Lenovo and its Pursuit of Innovation, One Small Step at a Time

During the Discover Lenovo Aura Event in Yokohama, we talked to Kevin Beck, Senior Story Technologist at Lenovo’s Intelligent Devices Group, who answered questions from the media. Kevin is in charge of innovation, distilling the inner workings and behind-the-scenes details of technology and engineering into compelling stories that amplify the Lenovo brand.

Lenovo: Prioritizing Innovation

Kevin has championed innovation ever since, but not just for the sake of it. Changes through product generations may not always be transformative, but they should always serve the user.

lenovo kevin beck

Innovation and challenges often go hand in hand. With Kevin at the helm of thinking up ways to qualify ideas, there’s always a struggle to qualify them as being “enough” to count as an actual difference that pushes the device to be innovative enough in this space. The Lenovo ThinkPad X9 was one such example, and by trying just about any form of technology to improve its human presence detection, sometimes, even the smallest changes are enough to provide users the right experience.

“If you go back to like the ThinkPad X1 Titanium a few years ago, it was, I think, a LIDAR-based system, more of a radar wave. 
We’ve done computer vision, but it requires a separate chip. We’ve done ultrasonic, which is power efficient and inexpensive to a point, but it’s pretty limited in what it can do.”

“The advantages being that when I walk away from the laptop, it goes to sleep immediately, and when I come back, it instantly wakes up. 
So, I’m saving a lot of battery life. There’s also a function that if I turn away for more than a couple of seconds, it will rapidly dim the screen, anticipate my head turning back, and bring the brightness back.

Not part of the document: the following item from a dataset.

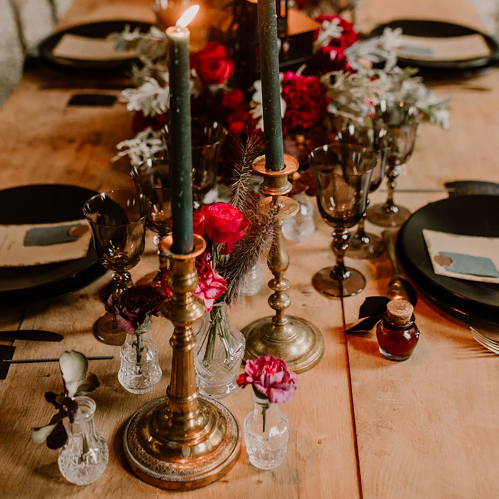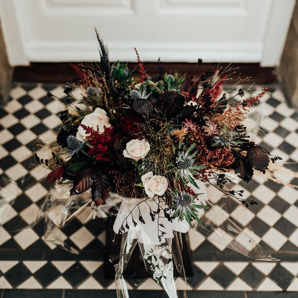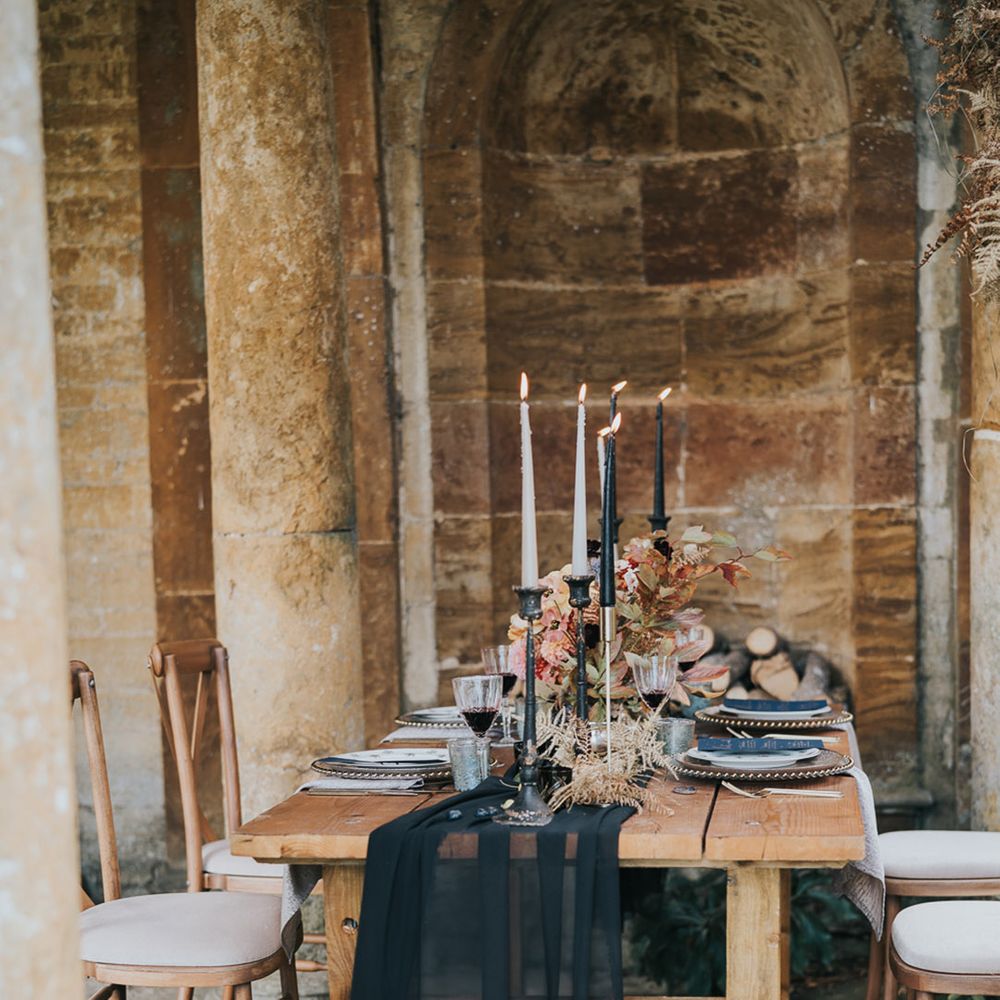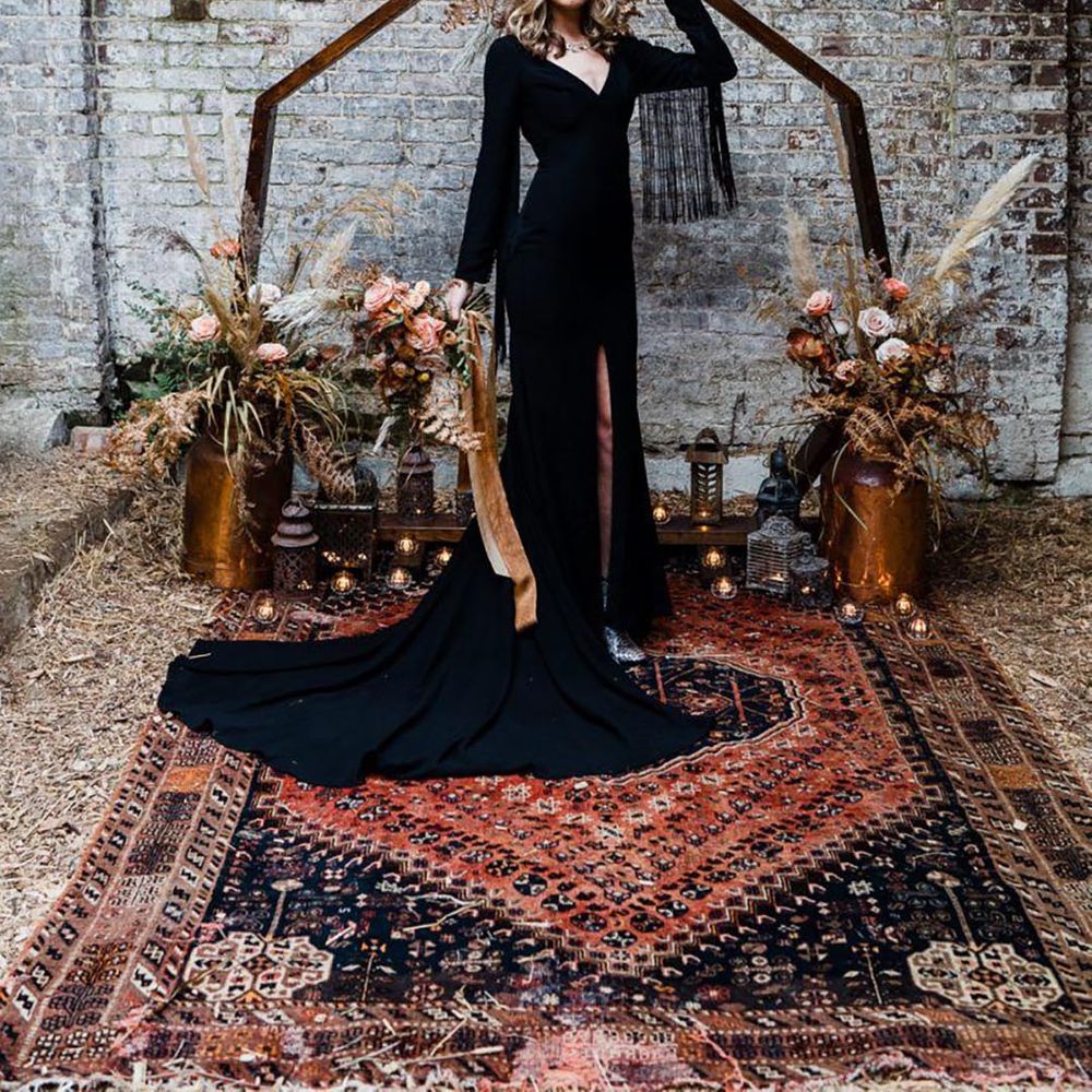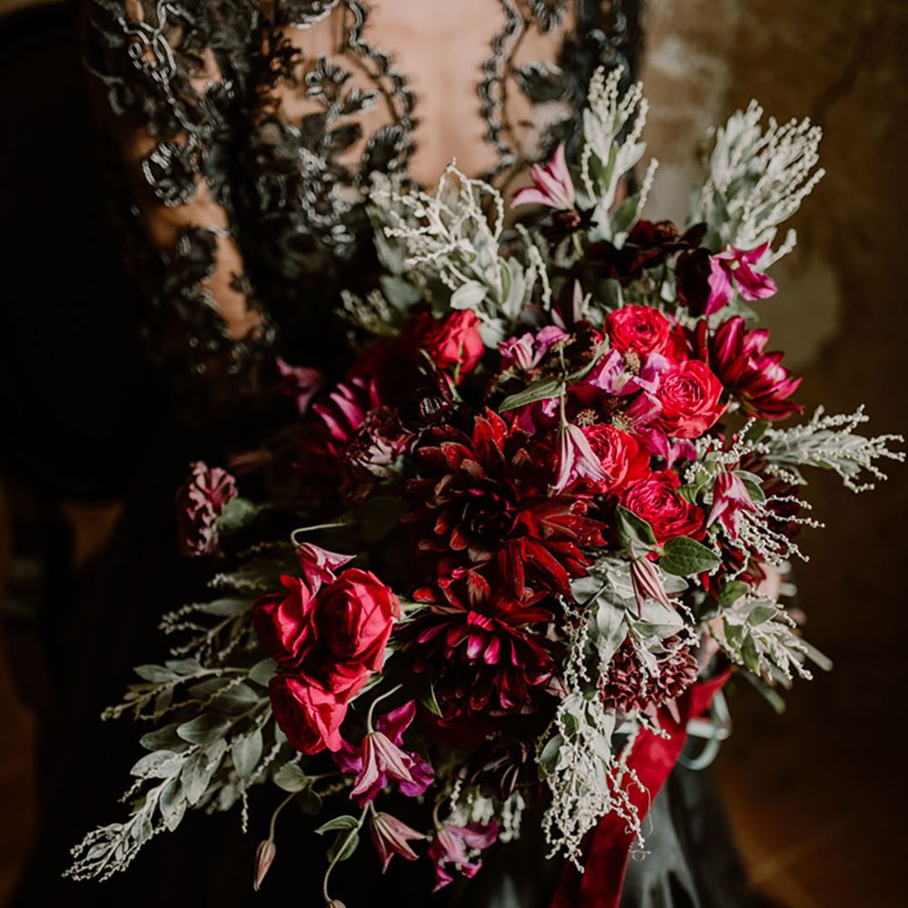 Halloween Wedding with Autumn Flowers & Black Wedding Dress

In the latest Lenovo ThinkPad X9, Kevin has implemented a new sensor that is much more power-efficient but with an inherently narrower field of view. A lot of training had to be done, and while it is not purely AI in the sense that it actively uses the NPU, it is certainly AI-assisted to help distinguish items like parts of the face, the edges and borders, etc.

Another example of innovation is that it needs to serve the users while providing benefits to the machine. In this case, the team had to think of ways to improve the cooling, but many challenges arose because they would have needed to change the entire design to draw the heat out properly.

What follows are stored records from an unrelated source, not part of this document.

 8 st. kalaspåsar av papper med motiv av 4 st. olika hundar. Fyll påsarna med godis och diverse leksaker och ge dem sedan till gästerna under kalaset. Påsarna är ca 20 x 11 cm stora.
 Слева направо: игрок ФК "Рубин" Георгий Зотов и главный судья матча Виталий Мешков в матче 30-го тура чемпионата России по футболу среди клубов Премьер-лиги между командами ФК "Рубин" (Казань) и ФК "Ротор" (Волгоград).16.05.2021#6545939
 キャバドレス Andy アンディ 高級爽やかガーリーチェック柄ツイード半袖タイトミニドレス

“I believe the hinge diameter was five and a half millimeters. We had to get it down to 3 and a half millimeters to get the clearance we needed to get the air flow right and the acoustics and heat balance right. It’s never one thing.
It’s this huge stack of related things that are so complicated, and it’s absolutely fascinating to me.”

“I’ve been doing this for 27 years and it stuff fascinates me every day.”

Things like these are at the crossroads between hardware and software. While that’s the case with some devices, one of the most impressive innovations comes from the 13th Gen ThinkPad X1 Carbon. This engineering masterpiece finally broke the 1 kg barrier, weighing only 986 grams. The solution? Simply going back to the drawing board.

“We’ve started thirteenth generation of X one carbon, so we’ve been doing it for a long time. I honestly don’t know if we had ever considered changing the orientation of the carbon fiber strands before; it’s a little more difficult to manufacture it that way, but by changing it, we got more strength across that side.”

The bottom line is passing the ThinkPad reliability and durability tests, which involve drop testing, weight and pressure testing, and other forms of punishment.

“Could we have made something below that weight in the past? Sure, but it wouldn’t have passed our tests.”